--- Task description ---
Set down each line from the line holding "블랙 와이드 팬츠 스트레이트 컷 fuv 데님" to the last line of the entries below, exactly, with both ends included and without pictures.

--- Entries supplied ---
################

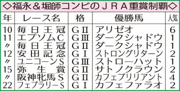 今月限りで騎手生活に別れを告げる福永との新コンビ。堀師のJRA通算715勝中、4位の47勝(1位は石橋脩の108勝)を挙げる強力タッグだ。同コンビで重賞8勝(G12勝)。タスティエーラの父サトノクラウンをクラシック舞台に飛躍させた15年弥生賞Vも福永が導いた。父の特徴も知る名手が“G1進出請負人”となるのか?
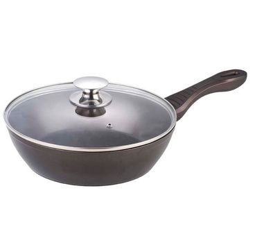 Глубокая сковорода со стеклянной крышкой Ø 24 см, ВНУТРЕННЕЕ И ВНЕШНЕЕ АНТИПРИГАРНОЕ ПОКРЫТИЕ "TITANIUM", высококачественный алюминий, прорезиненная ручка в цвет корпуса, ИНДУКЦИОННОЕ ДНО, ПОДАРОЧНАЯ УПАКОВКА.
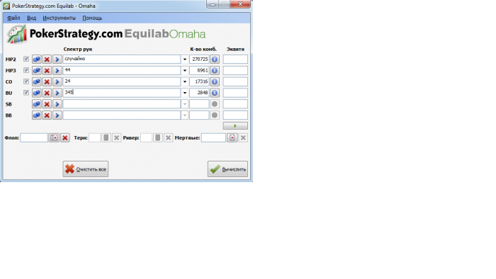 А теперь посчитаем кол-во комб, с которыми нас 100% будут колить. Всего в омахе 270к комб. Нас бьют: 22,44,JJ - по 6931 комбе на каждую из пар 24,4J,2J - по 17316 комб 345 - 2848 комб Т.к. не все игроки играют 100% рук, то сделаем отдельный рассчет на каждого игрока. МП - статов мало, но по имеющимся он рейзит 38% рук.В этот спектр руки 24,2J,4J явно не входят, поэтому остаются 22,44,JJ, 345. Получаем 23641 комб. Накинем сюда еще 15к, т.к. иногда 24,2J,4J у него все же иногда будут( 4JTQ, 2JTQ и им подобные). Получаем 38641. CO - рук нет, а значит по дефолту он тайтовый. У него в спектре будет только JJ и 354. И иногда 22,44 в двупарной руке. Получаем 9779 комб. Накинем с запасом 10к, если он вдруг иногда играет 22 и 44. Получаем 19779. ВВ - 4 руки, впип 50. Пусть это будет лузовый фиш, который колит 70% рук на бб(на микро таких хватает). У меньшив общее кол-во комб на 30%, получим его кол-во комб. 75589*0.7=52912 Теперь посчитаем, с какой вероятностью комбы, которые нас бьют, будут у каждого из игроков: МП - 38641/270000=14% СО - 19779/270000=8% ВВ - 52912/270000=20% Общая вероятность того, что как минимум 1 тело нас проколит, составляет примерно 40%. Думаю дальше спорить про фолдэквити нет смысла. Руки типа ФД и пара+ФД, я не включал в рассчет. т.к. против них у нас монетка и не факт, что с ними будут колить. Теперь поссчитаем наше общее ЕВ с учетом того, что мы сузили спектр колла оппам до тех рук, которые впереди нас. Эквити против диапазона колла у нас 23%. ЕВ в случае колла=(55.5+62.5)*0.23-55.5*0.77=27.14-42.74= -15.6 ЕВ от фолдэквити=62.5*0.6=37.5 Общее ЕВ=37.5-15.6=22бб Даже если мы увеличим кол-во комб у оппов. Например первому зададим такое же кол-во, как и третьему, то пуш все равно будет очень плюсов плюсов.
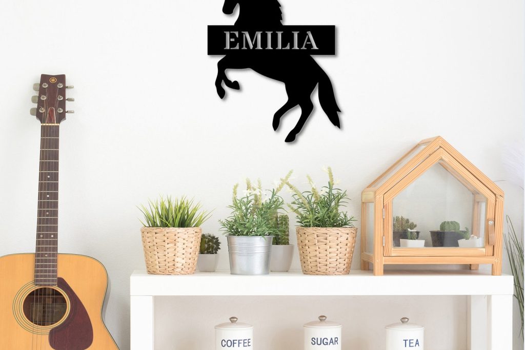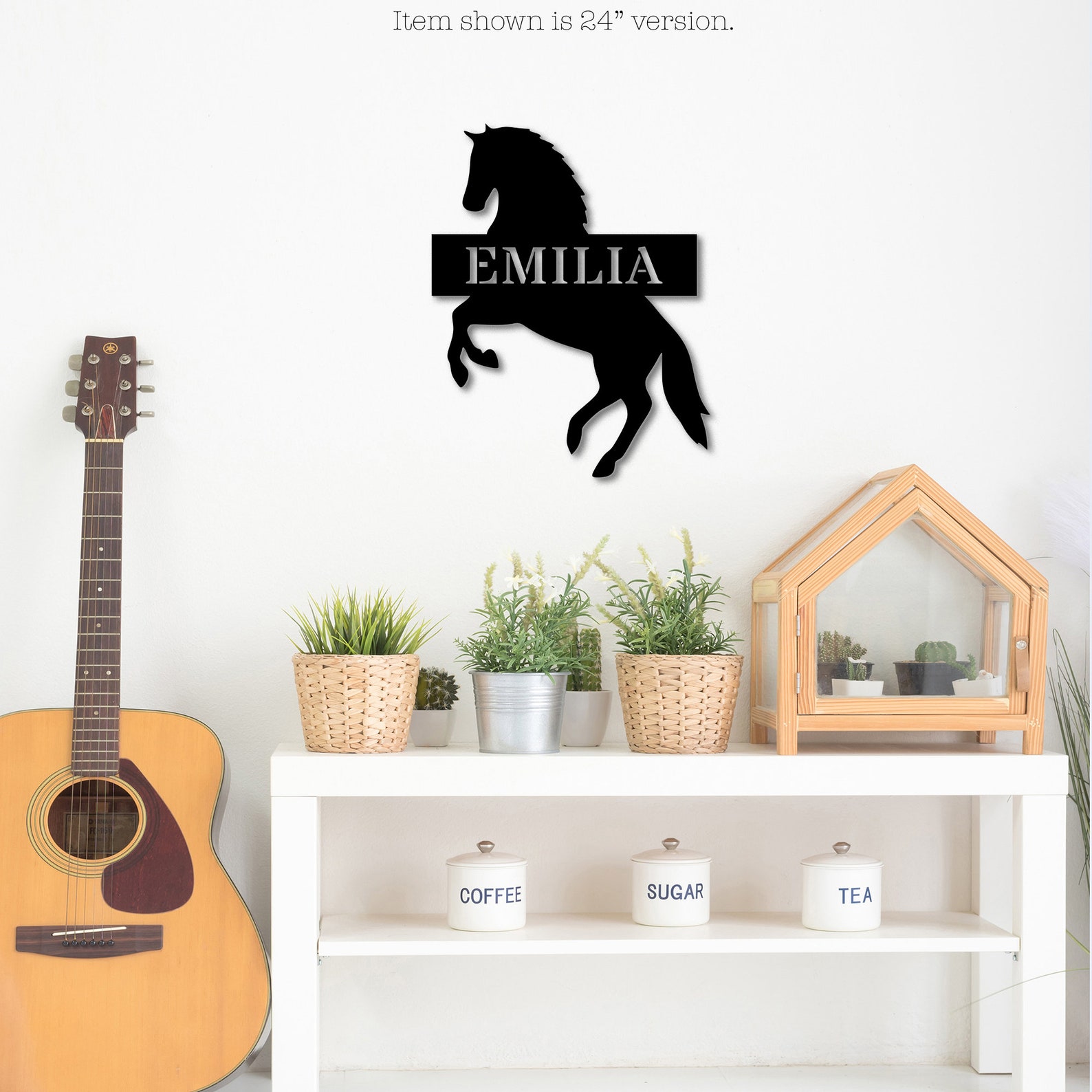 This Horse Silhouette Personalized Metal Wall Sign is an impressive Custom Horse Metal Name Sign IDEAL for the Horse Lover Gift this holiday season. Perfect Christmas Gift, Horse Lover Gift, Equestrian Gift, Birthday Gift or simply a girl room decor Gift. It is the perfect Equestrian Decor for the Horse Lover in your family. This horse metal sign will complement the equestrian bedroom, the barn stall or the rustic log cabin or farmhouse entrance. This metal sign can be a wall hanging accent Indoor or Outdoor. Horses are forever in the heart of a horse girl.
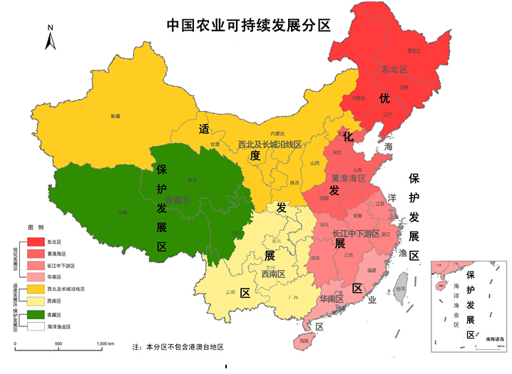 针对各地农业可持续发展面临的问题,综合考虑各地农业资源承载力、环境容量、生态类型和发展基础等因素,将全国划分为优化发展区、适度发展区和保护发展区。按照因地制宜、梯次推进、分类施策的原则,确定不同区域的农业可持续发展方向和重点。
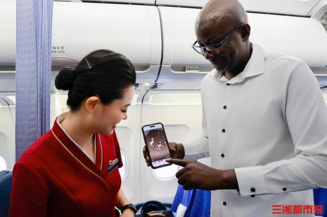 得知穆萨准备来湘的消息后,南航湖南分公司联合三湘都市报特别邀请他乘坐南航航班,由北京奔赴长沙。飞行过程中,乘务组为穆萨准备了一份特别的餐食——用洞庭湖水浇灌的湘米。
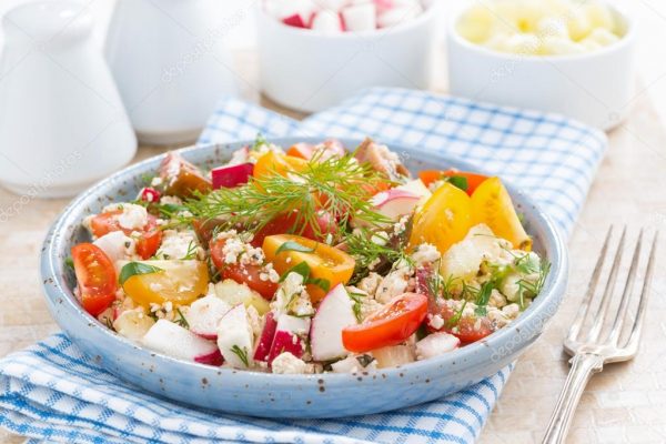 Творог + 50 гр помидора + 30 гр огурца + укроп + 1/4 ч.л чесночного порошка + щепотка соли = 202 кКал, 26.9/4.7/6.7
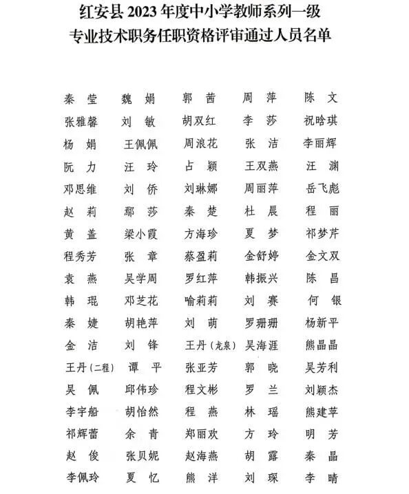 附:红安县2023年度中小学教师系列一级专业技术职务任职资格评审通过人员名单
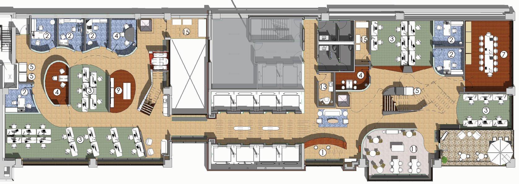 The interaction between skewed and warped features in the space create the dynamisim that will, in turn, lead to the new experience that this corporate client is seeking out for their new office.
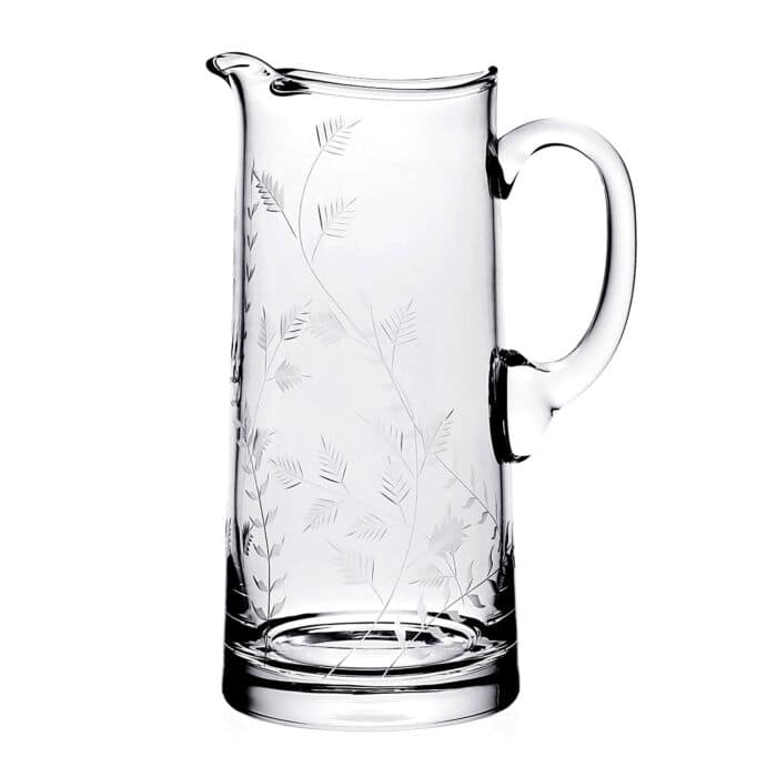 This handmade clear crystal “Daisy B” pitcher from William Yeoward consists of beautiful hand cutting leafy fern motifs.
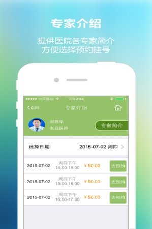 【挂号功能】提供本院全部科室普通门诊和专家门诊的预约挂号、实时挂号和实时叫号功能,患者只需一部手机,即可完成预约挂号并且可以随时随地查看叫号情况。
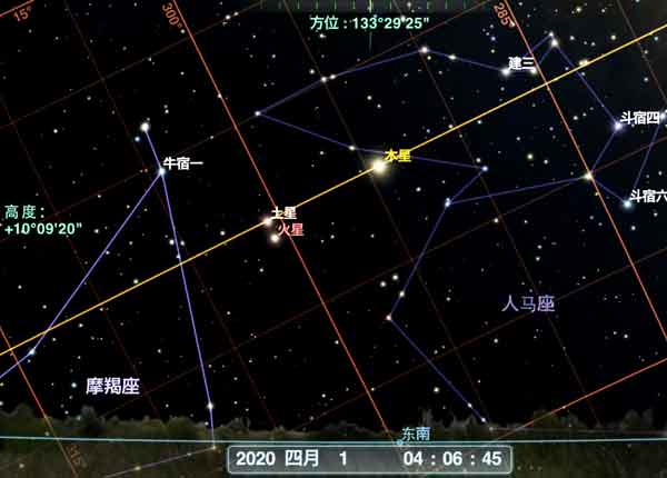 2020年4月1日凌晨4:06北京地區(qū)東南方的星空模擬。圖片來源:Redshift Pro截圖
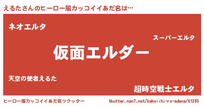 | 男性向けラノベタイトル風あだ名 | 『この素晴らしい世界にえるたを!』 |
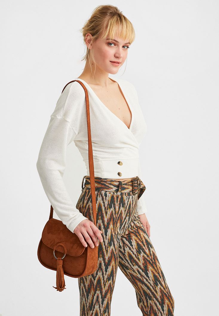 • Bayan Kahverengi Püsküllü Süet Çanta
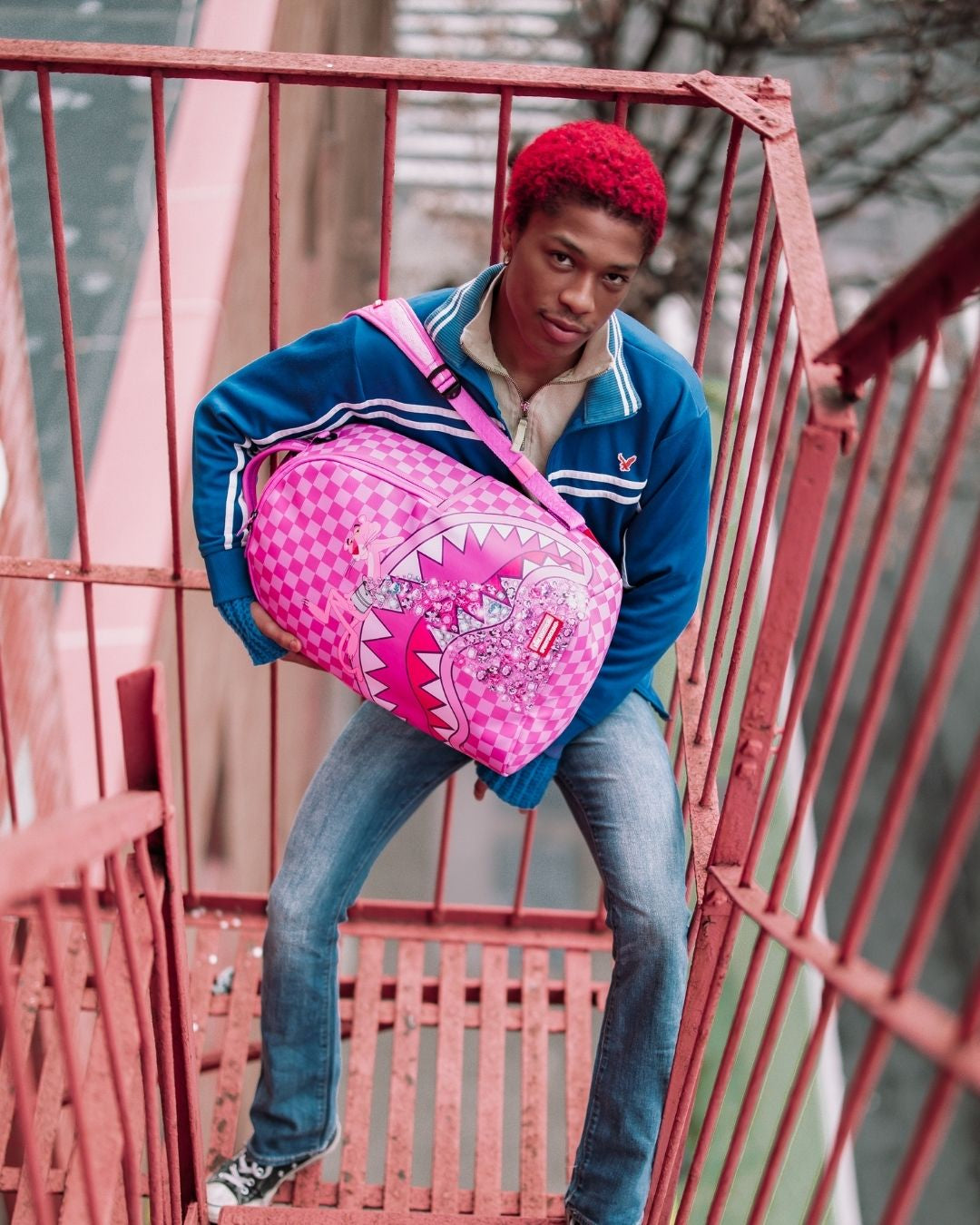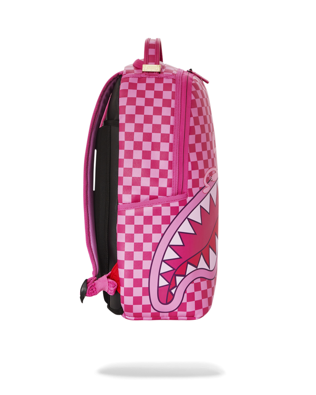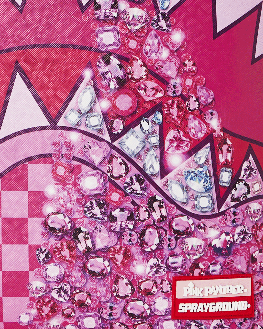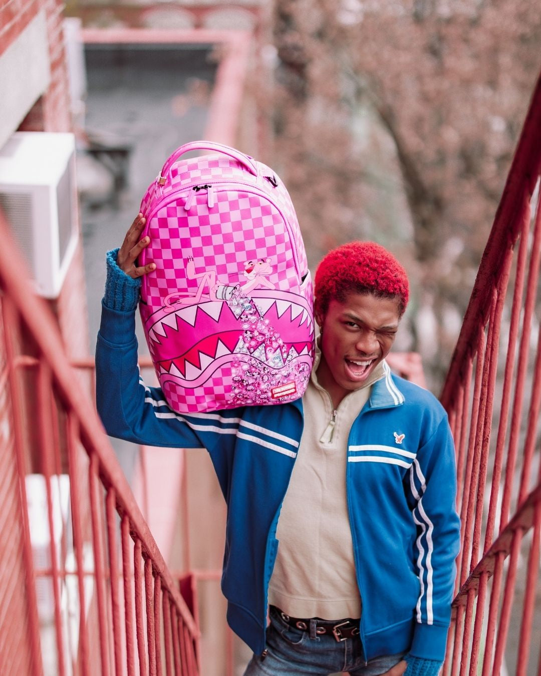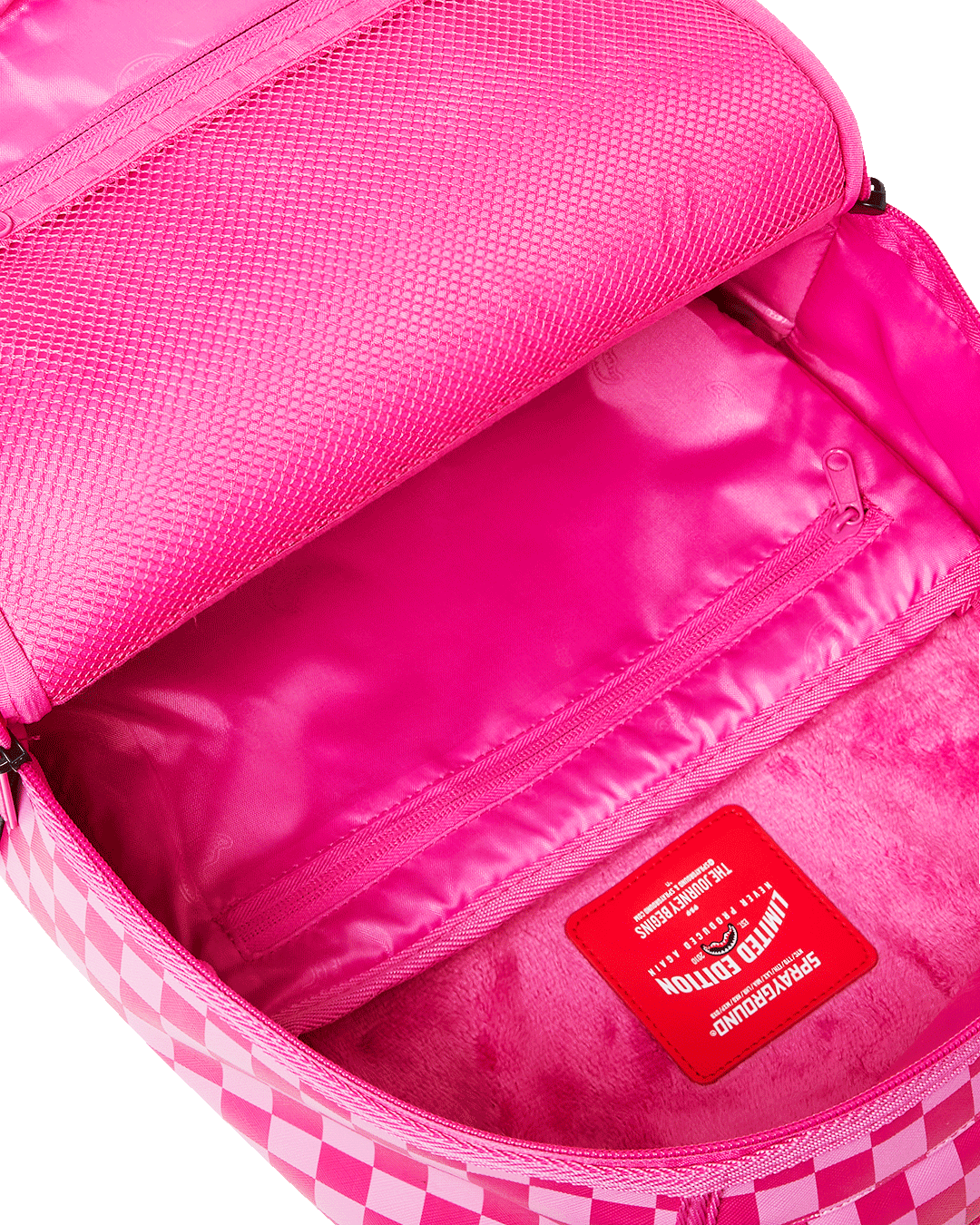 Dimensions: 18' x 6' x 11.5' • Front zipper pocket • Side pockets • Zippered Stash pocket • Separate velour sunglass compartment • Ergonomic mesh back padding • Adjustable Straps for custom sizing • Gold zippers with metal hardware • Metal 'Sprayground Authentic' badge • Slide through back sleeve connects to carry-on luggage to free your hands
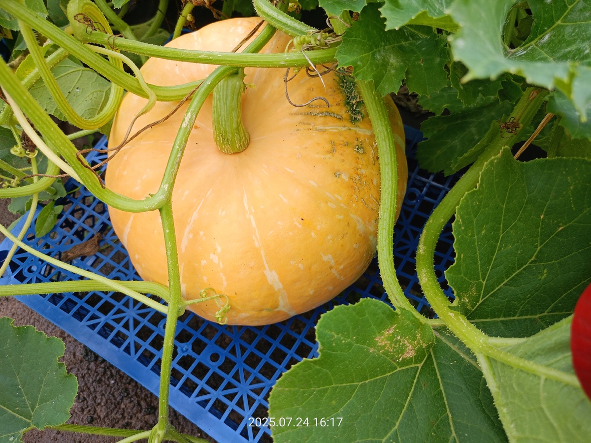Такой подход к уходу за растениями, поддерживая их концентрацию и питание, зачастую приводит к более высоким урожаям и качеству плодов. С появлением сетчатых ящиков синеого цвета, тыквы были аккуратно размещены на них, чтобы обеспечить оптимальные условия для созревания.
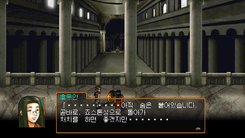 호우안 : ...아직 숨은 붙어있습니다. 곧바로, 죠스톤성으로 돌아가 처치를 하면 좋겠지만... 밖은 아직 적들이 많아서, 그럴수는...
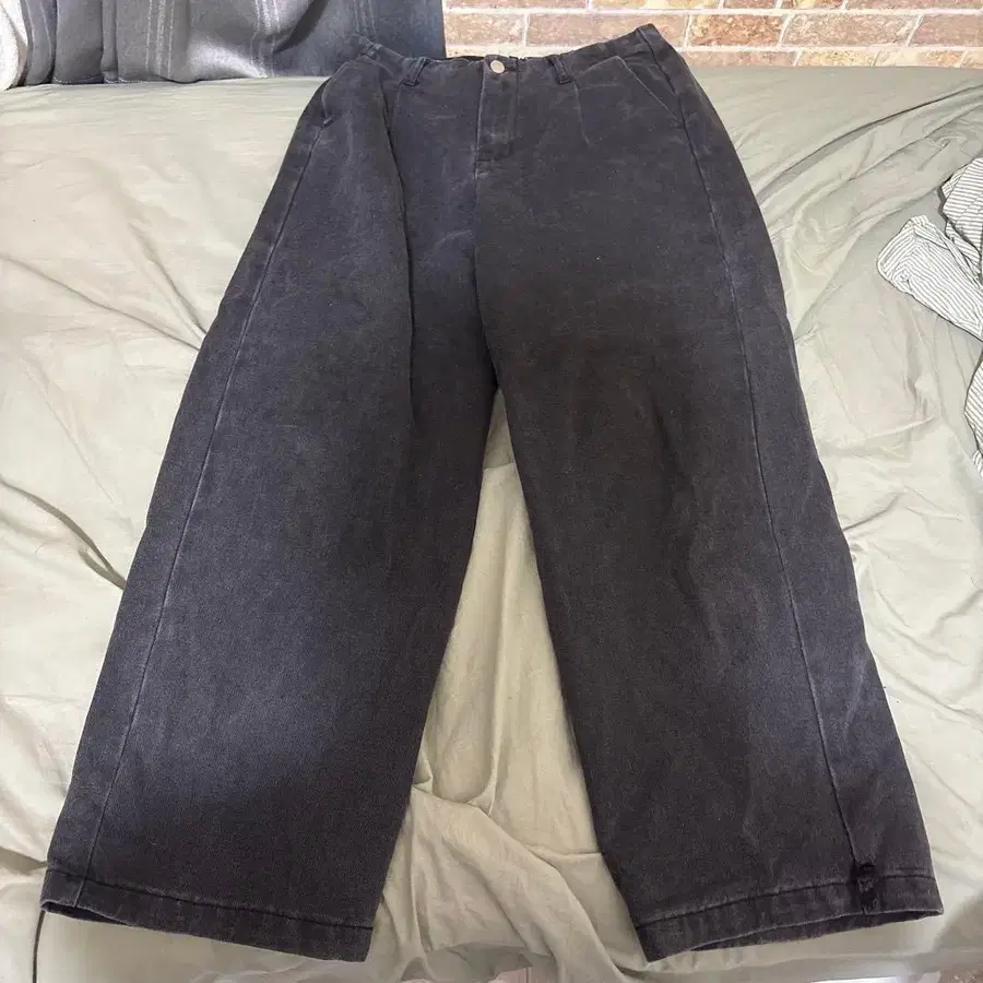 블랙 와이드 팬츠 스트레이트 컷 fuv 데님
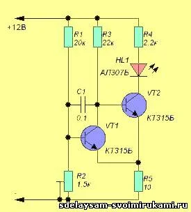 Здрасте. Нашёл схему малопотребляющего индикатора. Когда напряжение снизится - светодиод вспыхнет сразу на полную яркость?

################

--- Result for this task ---
 블랙 와이드 팬츠 스트레이트 컷 fuv 데님
 Здрасте. Нашёл схему малопотребляющего индикатора. Когда напряжение снизится - светодиод вспыхнет сразу на полную яркость?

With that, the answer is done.